_TASK DIRECTIONS_
Reproduce exactly, leaving out pictures, each line from the one holding "- Includes wooden" through the final line of the listing, and add nothing.

_DATA SHOWN_
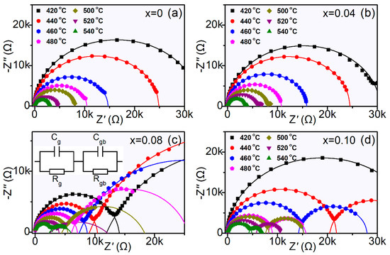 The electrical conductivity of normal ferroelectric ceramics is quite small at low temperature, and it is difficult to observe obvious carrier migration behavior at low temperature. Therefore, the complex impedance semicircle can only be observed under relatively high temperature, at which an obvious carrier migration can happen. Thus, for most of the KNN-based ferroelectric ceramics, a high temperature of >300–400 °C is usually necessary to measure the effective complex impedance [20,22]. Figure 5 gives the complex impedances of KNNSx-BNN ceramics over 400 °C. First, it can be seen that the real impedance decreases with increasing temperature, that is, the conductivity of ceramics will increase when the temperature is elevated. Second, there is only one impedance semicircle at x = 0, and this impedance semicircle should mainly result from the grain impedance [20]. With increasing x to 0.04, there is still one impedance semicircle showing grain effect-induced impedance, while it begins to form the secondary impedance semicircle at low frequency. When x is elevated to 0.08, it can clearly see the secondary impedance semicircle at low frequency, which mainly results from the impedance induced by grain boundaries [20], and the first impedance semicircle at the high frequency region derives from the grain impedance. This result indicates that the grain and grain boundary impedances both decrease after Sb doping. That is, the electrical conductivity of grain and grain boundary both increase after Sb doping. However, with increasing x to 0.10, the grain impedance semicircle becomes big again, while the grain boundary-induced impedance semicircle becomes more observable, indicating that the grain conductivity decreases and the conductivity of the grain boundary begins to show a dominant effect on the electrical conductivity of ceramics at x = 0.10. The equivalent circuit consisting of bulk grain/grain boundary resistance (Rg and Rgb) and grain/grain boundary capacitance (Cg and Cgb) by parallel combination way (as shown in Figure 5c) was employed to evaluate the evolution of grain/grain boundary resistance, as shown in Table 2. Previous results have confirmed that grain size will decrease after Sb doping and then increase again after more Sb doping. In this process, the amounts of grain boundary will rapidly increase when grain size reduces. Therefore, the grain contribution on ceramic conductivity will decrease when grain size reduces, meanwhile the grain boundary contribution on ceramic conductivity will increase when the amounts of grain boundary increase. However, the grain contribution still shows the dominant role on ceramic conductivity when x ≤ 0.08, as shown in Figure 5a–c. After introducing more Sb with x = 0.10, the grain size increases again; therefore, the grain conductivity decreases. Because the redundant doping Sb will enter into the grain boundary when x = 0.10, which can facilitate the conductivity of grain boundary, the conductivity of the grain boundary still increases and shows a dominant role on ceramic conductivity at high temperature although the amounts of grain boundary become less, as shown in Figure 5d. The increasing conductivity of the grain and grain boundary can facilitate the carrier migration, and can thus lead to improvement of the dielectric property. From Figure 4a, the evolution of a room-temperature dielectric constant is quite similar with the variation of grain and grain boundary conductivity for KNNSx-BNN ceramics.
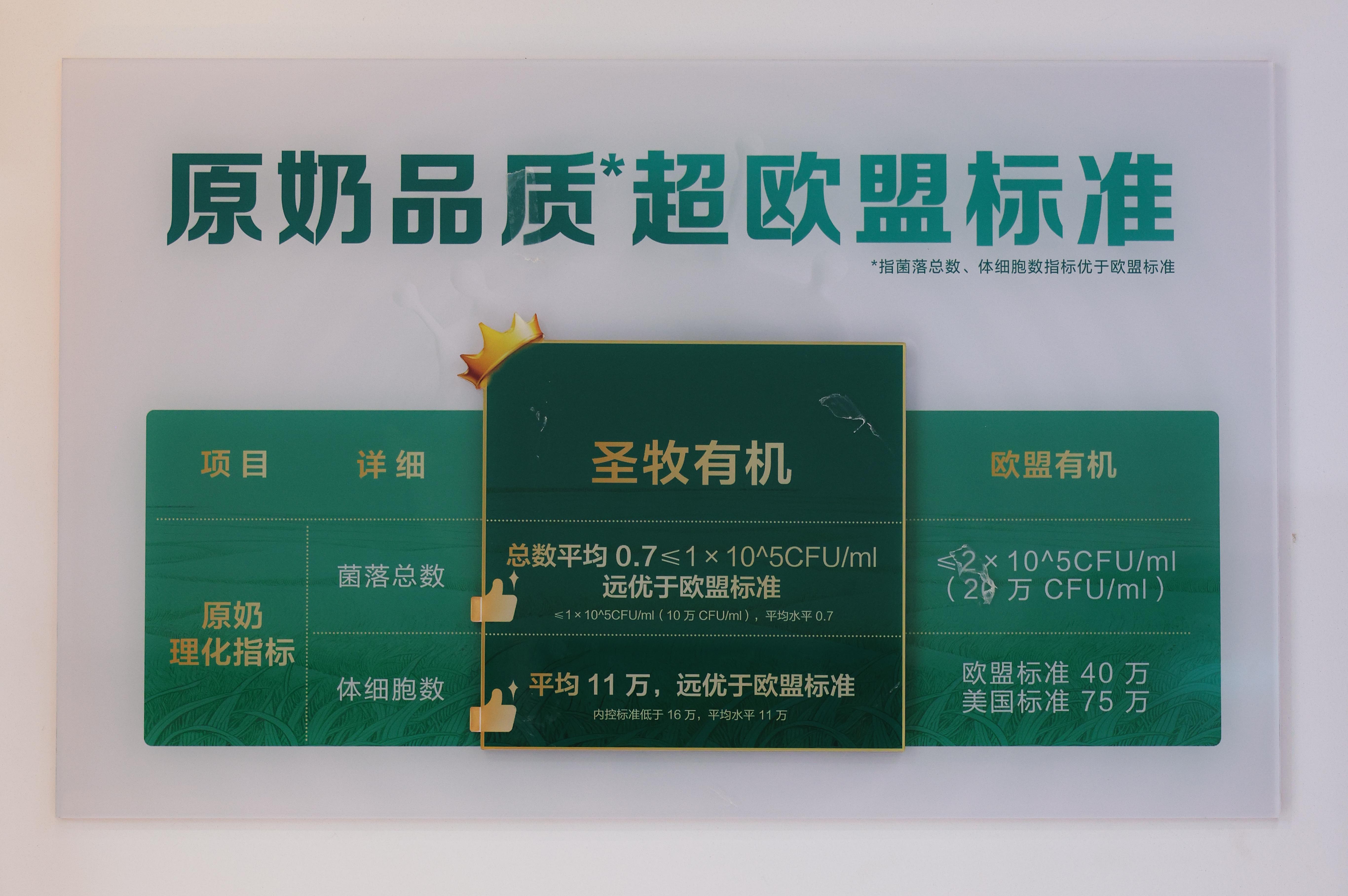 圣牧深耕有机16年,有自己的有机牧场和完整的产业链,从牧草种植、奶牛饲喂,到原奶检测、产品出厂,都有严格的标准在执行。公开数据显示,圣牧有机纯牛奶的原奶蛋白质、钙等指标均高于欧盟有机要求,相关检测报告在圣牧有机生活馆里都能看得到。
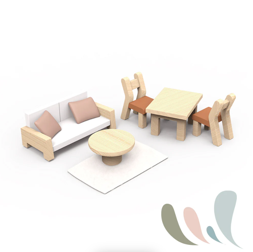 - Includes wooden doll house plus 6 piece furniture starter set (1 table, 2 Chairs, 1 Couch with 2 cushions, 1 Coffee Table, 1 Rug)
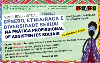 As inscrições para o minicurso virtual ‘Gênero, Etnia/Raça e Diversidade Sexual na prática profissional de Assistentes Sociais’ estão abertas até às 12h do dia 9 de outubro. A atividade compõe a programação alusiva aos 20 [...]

_OUTPUT FOR THIS TASK_
 - Includes wooden doll house plus 6 piece furniture starter set (1 table, 2 Chairs, 1 Couch with 2 cushions, 1 Coffee Table, 1 Rug)
 As inscrições para o minicurso virtual ‘Gênero, Etnia/Raça e Diversidade Sexual na prática profissional de Assistentes Sociais’ estão abertas até às 12h do dia 9 de outubro. A atividade compõe a programação alusiva aos 20 [...]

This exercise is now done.